Write out exactly the lines of the entries below from the one holding "Selamat kepada Member" to the one holding "Rare opportunity! Beautiful", inclusive, and leave out all other lines.

● Provided records
■ ■ ■
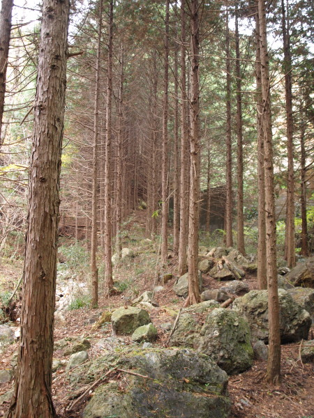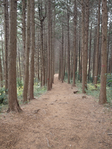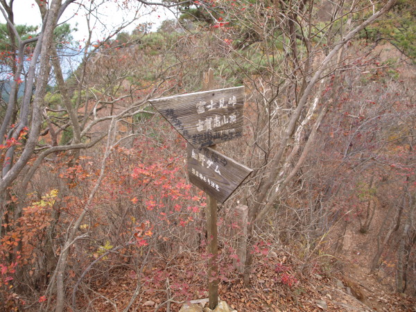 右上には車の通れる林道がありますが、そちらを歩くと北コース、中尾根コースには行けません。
■ ■ ■
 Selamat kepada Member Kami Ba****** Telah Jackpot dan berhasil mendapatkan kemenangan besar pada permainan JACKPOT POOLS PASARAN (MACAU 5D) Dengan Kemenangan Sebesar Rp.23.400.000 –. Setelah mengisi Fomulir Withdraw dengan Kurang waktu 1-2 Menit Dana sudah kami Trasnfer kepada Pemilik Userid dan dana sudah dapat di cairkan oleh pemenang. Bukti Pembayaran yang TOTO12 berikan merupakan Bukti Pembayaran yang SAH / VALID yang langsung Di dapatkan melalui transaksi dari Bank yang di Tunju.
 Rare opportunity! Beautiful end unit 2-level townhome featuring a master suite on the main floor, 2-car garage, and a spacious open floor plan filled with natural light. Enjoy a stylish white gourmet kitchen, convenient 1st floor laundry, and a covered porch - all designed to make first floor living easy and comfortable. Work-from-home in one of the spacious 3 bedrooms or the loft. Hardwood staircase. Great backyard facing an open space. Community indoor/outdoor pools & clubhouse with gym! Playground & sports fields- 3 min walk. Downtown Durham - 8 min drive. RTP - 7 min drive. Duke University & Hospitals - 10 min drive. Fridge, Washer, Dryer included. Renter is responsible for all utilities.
■ ■ ■
● Response area
 Selamat kepada Member Kami Ba****** Telah Jackpot dan berhasil mendapatkan kemenangan besar pada permainan JACKPOT POOLS PASARAN (MACAU 5D) Dengan Kemenangan Sebesar Rp.23.400.000 –. Setelah mengisi Fomulir Withdraw dengan Kurang waktu 1-2 Menit Dana sudah kami Trasnfer kepada Pemilik Userid dan dana sudah dapat di cairkan oleh pemenang. Bukti Pembayaran yang TOTO12 berikan merupakan Bukti Pembayaran yang SAH / VALID yang langsung Di dapatkan melalui transaksi dari Bank yang di Tunju.
 Rare opportunity! Beautiful end unit 2-level townhome featuring a master suite on the main floor, 2-car garage, and a spacious open floor plan filled with natural light. Enjoy a stylish white gourmet kitchen, convenient 1st floor laundry, and a covered porch - all designed to make first floor living easy and comfortable. Work-from-home in one of the spacious 3 bedrooms or the loft. Hardwood staircase. Great backyard facing an open space. Community indoor/outdoor pools & clubhouse with gym! Playground & sports fields- 3 min walk. Downtown Durham - 8 min drive. RTP - 7 min drive. Duke University & Hospitals - 10 min drive. Fridge, Washer, Dryer included. Renter is responsible for all utilities.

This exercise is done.